Laplace Would Marginalize Over Red and White

[by Mike]

It would be odd if we had come so far in academia without being passionate about science. Unfortunately, this means that after a drink or two some of us (i.e. me) find it difficult to keep from talking physics and data analysis. While I'm working to avoid random outbursts of science, especially in mixed company, I can't do it without at least one cocktail memorializing my some aspects of my research.

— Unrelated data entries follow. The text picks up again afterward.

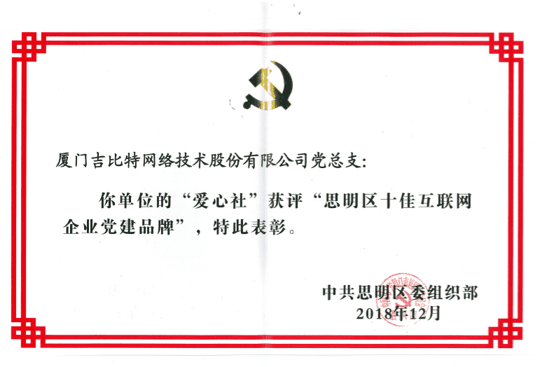 JIUYOU.COM党总支爱心社获评思明区 “十佳互联网企业党建品牌”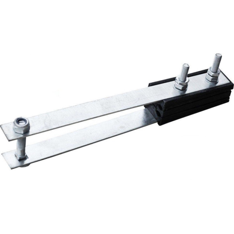 Используется для анкерного крепления четырехжильного в воздушных линиях электропередач (конечных или угловых) или на промежуточных опорах (закрепление в закрытых кольцах крюков). Сечение провода составляет 25-50 мм. Для этого применяют кронштейны, бандажные крюки или подобные специальные постройки. Данный Зажим используют также для закрепления проводов на разных магистралях и его разветвлениях. Данный анкерный зажим обеспечивает необходимое тяготение в пролетах электролинии. Можно применять с разными типами изоляции СИП.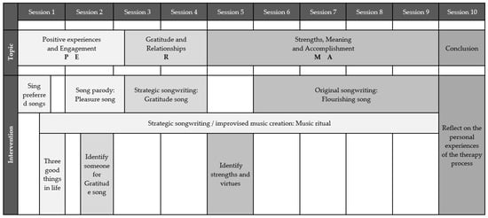 The overall aim of the intervention program is to decrease depressive symptoms and improve wellbeing by incorporating all facets of the PERMA model: positive emotion, engagement, relationships, meaning, and accomplishment. The ten-session individual therapy intervention is offered once a week for 45 min (a more detailed explanation of the program, including more songwriting techniques and background information will be included in a dissertation of the first author, which will be available through the University of Melbourne or by contacting the first author). If a session cannot take place at the scheduled time, the music therapist and songwriter can reschedule to the next available time, and at the very latest, to the regular scheduled time the following week. When this occurs, the duration of the entire program is extended until all ten sessions have been implemented. The songwriter is asked to complete three homework activities that take up to five minutes per day. If these tasks are not completed by the songwriter, this is discussed and completed with the music therapist at the beginning of the following session. Figure 1 details the focus and intervention content of each session.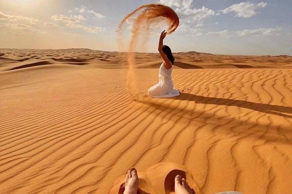 Experience the real Red Dunes of Lahbab with trained, insured guides. Enjoy dune bashing, camel rides, sandboarding, and a tasty BBQ dinner with live shows—all with 4×4 hotel pickup for comfort and safety.

How do you make the optimal cocktail? One approach would be to find your single favorite recipe, the selection and ratio of ingredients, and stop there. Another approach goes further, considering not just your favorite recipe but also perturbations away from that recipe. You may prefer a 6:1 martini, but how much more do you prefer it to the 5:1 or the 7:1? Or the 1:1 for that matter? The second approach would advocate serving an infinite number of cocktails, the amount of each serving weighted by the preference for that ratio. A similar approach would be taken towards ingredients.

This approach is not as foreign as it might immediately appear. Stripping a cocktail down to a single ingredient, someone with no previous experience would try the same amount of each different variety. But this is just the flight commonly used to taste spirits, beer, and wine.

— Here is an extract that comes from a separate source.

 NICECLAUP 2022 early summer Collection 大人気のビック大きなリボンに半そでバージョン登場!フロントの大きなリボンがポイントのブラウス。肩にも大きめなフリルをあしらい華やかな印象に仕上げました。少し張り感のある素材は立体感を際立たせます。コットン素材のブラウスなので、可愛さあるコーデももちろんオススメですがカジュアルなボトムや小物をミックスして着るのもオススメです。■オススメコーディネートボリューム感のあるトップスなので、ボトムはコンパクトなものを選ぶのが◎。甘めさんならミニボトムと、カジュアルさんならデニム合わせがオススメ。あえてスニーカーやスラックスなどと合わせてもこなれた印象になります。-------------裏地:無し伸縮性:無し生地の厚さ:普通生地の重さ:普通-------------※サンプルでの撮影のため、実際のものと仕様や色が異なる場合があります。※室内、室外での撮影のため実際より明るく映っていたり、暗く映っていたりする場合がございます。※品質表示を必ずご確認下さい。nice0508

In practice, preparing more than one cocktail is often prohibitive. When trying to optimize a recipe, however, it may not be a bad idea to compare the different possibilities directly. Consider the choice of bitters in the Monte Carlo,

Markov Chain Monte Carlo

In four shot glasses prepare
1 oz rye whiskey
0.5 oz benedictine

Add to individual glasses
1 dashes Angostura bitters
1 dashes Whisky Barrel Aged bitters
1 dashes Peychauds bitters
1 dashes Xocolatl Mole bitters


Now let's see how long I can go without talking about work...

8/11/09

the flux bias

[by john]

some truths are hard to swallow - tonight it was that cryogenic experiments can require late nights in the lab, so that precious liquid helium doesn't run out. but thankfully, quality homemade drinks are easy to swallow.

here's what i played with tonight after getting home:
the flux bias

1 1/2 oz tequila (azul reposado)
1/4 oz green chartreuse
1/4 oz maraschino liqueur

stir and strain.
very sippable, with the different earthy flavors taking turns. the name is a bitter (hah) reference to the little electronic things i was trying to keep cold and characterize - squids.

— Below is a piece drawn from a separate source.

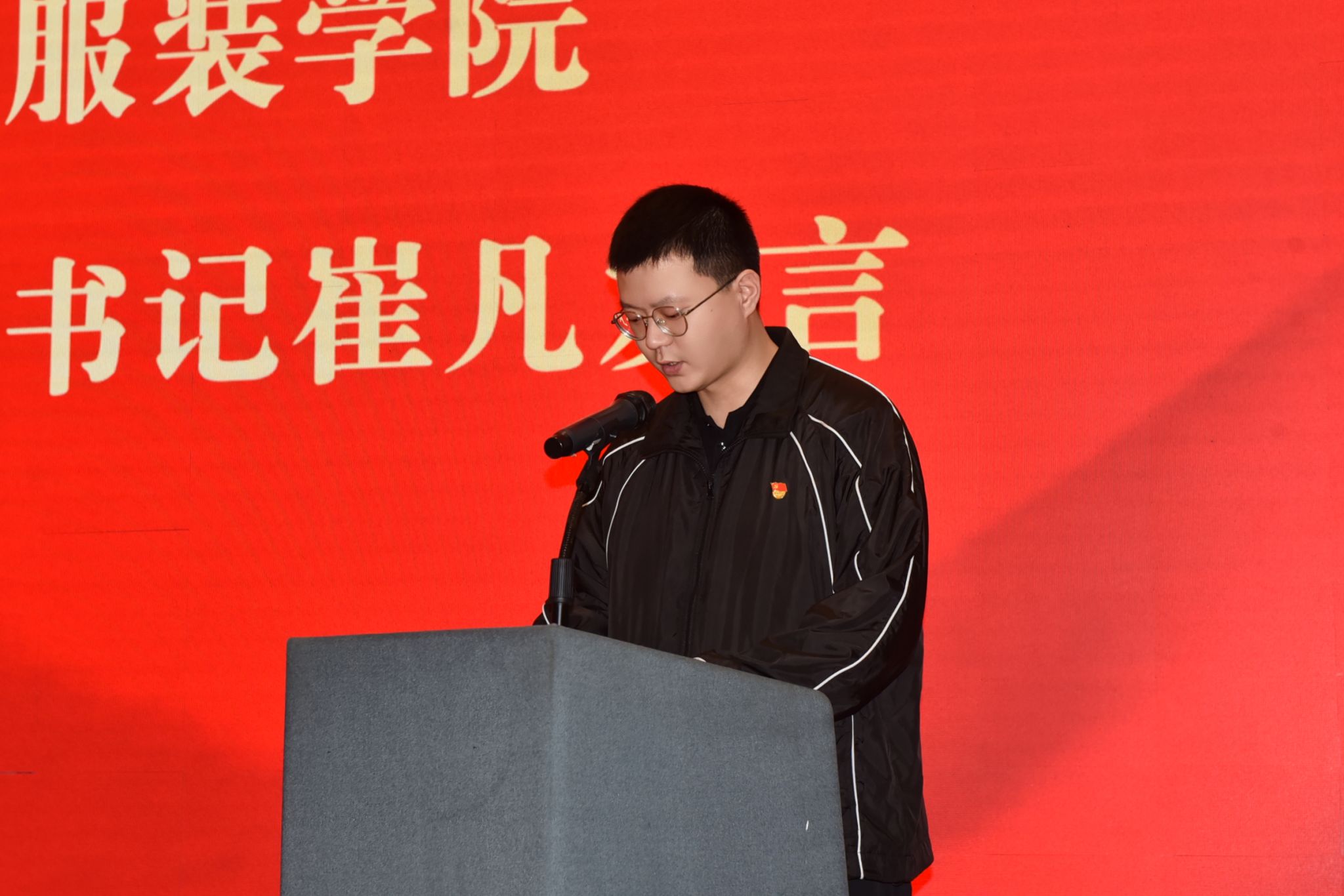 新接收预备党员代表、环境艺术设计专业2301班杨智勇发言,表示“将用实际行动践行入党誓言,履行党员义务,时时处处以党员的标准严格要求自己,争做合格党员”。服装学院学生第一党支部书记兼本期党校班主任崔凡发言,对预备党员表示祝贺和欢迎,并对参加党校第44期入党积极分子培训的学员寄予期望。

another hard-to-swallow one: mike may have been right all along - the tequila trend is definitely here, with a new tequila-heavy bar mayahuel in manhattan, the spirit's re-christening at tales (according to misty, tom, and many a blogger), and the great popularity of my sole tequila drink at the party. i'm rolling with the trend, and it's fun. azul, it's worth mentioning, has a great flavor (and no nasty vapors), with a great price point ($23 for my bottle).

p.s. - it is hard to quantify the excitement between mike, andy, and i over the (early, in time for the party [the 1919 was a house special saturday night], thanks to adam) arrival of the xocolatl mole bitters. good things shall come.